Thursday, May 14, 2009

Use sparingly


Also reading The Night of the Gun, which is sort of like A Million Little Pieces, but with actual reporting. Guy writes for the NYT, so went back and interviewed people he harmed back in the (crack) day and the like...it's not bad. HOWEVER - he used the word acuity three times in the first twenty pages. Acuity is not like the - it needs to used sparingly. As in once in 300 pages.

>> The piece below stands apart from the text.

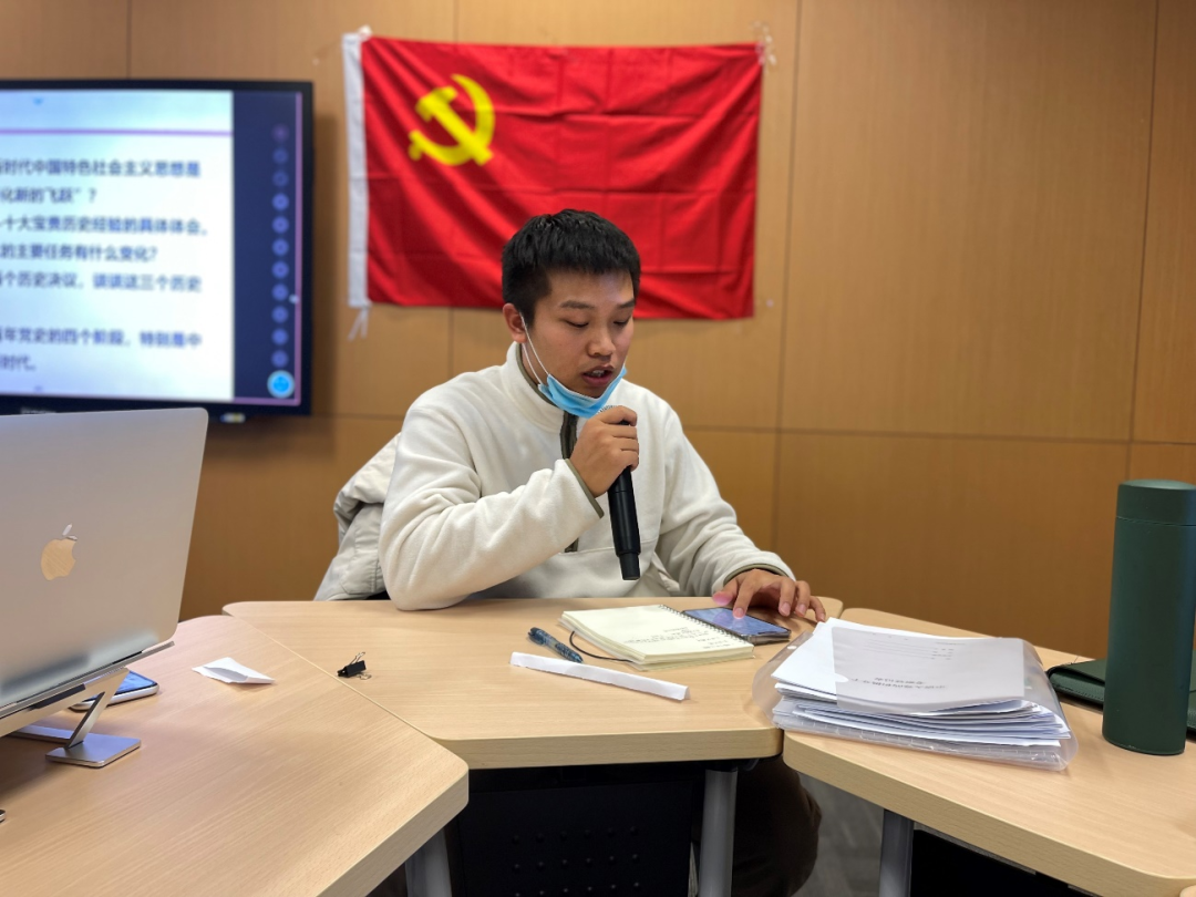 本次主题党日活动以理论学习、研讨交流、心得分享等形式展开。各支部对党的十八大以来中央历次全会及其主要内容进行回顾,了解党的十九届六中全会会议概况和主要议程,学习《中共中央关于党的百年奋斗重大成就和历史经验的决议》、《关于召开党的第二十次全国代表大会的决议》等文件精神。随后,学院党委委员结合自身研究领域,为同学们讲解了本次会议和历史决议的重要性,要求同学们认真研读、深刻把握,提高思想觉悟和理论水平。此后,全体党员围绕学习内容开展自主研讨,结合自身学习研究和生活经验,就如何落实十九届六中全会精神、如何正确看待党的历史成就等问题提出自己的建议。

This is like when I read John Henry Days by Colson Whitehead wherein, instead of mouth, he used the word maw four times. "...sticking a cigarette in the corner of his maw [paraphrase]." See, now, I should read his Whitehead's new book Sag Harbor about preppy black kids in the 80s but have this whole "maw" thing hanging over my head. Suppose he used maw again. Would I chuckle benignly, or would I, in the face of use of said obscure Whitehead favorite and in a tut-tutting sense of 'Well, the 80's weren't like that at all - no one really liked [Echo and the Bunnymen LP] Porcupine that much...' just give up on the book and stop cold? Best not to find out, at least until a copy shows up for a buck at Half-Price (them again!).

Maybe all writers have favored pet words they feel the need to trot out all the time. Some observant followers could even contend that this very outlet you read now relies overly much on too many unnecessary self-consciously Salingerian parentheses and "ironic" italicizations.

But that sort of acuity can only lead to a sock to the maw.